▸ Required work
Give all of the records again. Match them exactly.

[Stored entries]
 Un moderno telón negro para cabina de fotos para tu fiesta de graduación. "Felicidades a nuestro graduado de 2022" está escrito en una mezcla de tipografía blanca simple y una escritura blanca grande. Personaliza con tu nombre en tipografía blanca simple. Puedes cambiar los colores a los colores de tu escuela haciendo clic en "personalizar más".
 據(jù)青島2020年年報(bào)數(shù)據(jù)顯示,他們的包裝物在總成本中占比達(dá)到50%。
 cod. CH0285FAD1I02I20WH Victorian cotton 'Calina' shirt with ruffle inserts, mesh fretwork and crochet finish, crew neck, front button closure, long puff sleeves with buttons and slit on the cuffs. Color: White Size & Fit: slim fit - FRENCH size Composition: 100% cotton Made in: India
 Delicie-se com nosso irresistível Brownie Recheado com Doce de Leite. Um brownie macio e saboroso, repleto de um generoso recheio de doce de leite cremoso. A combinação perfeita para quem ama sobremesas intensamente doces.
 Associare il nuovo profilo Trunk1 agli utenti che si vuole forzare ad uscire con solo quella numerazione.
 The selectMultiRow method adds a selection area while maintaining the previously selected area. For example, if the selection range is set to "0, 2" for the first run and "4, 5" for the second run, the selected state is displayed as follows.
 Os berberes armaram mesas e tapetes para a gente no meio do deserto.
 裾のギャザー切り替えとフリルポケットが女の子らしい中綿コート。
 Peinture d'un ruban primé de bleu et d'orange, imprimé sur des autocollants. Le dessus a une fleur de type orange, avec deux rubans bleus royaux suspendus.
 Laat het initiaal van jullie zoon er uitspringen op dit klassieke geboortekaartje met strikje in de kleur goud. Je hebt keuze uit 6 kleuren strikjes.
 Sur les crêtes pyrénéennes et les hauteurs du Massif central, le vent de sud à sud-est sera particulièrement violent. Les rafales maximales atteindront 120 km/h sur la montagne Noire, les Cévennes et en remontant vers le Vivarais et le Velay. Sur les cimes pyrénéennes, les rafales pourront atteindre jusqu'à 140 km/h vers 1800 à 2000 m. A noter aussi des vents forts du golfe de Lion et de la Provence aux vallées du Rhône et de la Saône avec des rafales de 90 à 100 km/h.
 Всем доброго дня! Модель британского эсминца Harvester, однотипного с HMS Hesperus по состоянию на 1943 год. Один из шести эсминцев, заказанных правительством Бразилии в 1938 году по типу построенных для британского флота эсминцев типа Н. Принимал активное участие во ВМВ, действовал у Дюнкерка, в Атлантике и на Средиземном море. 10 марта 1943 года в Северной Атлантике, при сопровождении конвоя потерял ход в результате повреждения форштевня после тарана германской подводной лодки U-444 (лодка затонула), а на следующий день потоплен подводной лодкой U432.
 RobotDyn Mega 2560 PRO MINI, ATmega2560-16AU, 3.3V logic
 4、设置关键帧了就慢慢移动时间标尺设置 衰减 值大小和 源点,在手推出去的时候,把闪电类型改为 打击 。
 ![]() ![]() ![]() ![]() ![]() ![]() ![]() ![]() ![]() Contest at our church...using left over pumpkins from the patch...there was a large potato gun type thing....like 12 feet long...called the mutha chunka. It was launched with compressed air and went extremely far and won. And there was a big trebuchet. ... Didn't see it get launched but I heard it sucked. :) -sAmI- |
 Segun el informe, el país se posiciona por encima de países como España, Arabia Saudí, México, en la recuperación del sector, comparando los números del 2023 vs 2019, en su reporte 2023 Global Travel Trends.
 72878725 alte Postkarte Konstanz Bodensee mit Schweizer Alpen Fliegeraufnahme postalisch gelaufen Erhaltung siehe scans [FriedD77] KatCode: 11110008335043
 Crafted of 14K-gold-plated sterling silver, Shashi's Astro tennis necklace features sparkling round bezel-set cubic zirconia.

▸ Output for this exercise
 Un moderno telón negro para cabina de fotos para tu fiesta de graduación. "Felicidades a nuestro graduado de 2022" está escrito en una mezcla de tipografía blanca simple y una escritura blanca grande. Personaliza con tu nombre en tipografía blanca simple. Puedes cambiar los colores a los colores de tu escuela haciendo clic en "personalizar más".
 據(jù)青島2020年年報(bào)數(shù)據(jù)顯示,他們的包裝物在總成本中占比達(dá)到50%。
 cod. CH0285FAD1I02I20WH Victorian cotton 'Calina' shirt with ruffle inserts, mesh fretwork and crochet finish, crew neck, front button closure, long puff sleeves with buttons and slit on the cuffs. Color: White Size & Fit: slim fit - FRENCH size Composition: 100% cotton Made in: India
 Delicie-se com nosso irresistível Brownie Recheado com Doce de Leite. Um brownie macio e saboroso, repleto de um generoso recheio de doce de leite cremoso. A combinação perfeita para quem ama sobremesas intensamente doces.
 Associare il nuovo profilo Trunk1 agli utenti che si vuole forzare ad uscire con solo quella numerazione.
 The selectMultiRow method adds a selection area while maintaining the previously selected area. For example, if the selection range is set to "0, 2" for the first run and "4, 5" for the second run, the selected state is displayed as follows.
 Os berberes armaram mesas e tapetes para a gente no meio do deserto.
 裾のギャザー切り替えとフリルポケットが女の子らしい中綿コート。
 Peinture d'un ruban primé de bleu et d'orange, imprimé sur des autocollants. Le dessus a une fleur de type orange, avec deux rubans bleus royaux suspendus.
 Laat het initiaal van jullie zoon er uitspringen op dit klassieke geboortekaartje met strikje in de kleur goud. Je hebt keuze uit 6 kleuren strikjes.
 Sur les crêtes pyrénéennes et les hauteurs du Massif central, le vent de sud à sud-est sera particulièrement violent. Les rafales maximales atteindront 120 km/h sur la montagne Noire, les Cévennes et en remontant vers le Vivarais et le Velay. Sur les cimes pyrénéennes, les rafales pourront atteindre jusqu'à 140 km/h vers 1800 à 2000 m. A noter aussi des vents forts du golfe de Lion et de la Provence aux vallées du Rhône et de la Saône avec des rafales de 90 à 100 km/h.
 Всем доброго дня! Модель британского эсминца Harvester, однотипного с HMS Hesperus по состоянию на 1943 год. Один из шести эсминцев, заказанных правительством Бразилии в 1938 году по типу построенных для британского флота эсминцев типа Н. Принимал активное участие во ВМВ, действовал у Дюнкерка, в Атлантике и на Средиземном море. 10 марта 1943 года в Северной Атлантике, при сопровождении конвоя потерял ход в результате повреждения форштевня после тарана германской подводной лодки U-444 (лодка затонула), а на следующий день потоплен подводной лодкой U432.
 RobotDyn Mega 2560 PRO MINI, ATmega2560-16AU, 3.3V logic
 4、设置关键帧了就慢慢移动时间标尺设置 衰减 值大小和 源点,在手推出去的时候,把闪电类型改为 打击 。
 ![]() ![]() ![]() ![]() ![]() ![]() ![]() ![]() ![]() Contest at our church...using left over pumpkins from the patch...there was a large potato gun type thing....like 12 feet long...called the mutha chunka. It was launched with compressed air and went extremely far and won. And there was a big trebuchet. ... Didn't see it get launched but I heard it sucked. :) -sAmI- |
 Segun el informe, el país se posiciona por encima de países como España, Arabia Saudí, México, en la recuperación del sector, comparando los números del 2023 vs 2019, en su reporte 2023 Global Travel Trends.
 72878725 alte Postkarte Konstanz Bodensee mit Schweizer Alpen Fliegeraufnahme postalisch gelaufen Erhaltung siehe scans [FriedD77] KatCode: 11110008335043
 Crafted of 14K-gold-plated sterling silver, Shashi's Astro tennis necklace features sparkling round bezel-set cubic zirconia.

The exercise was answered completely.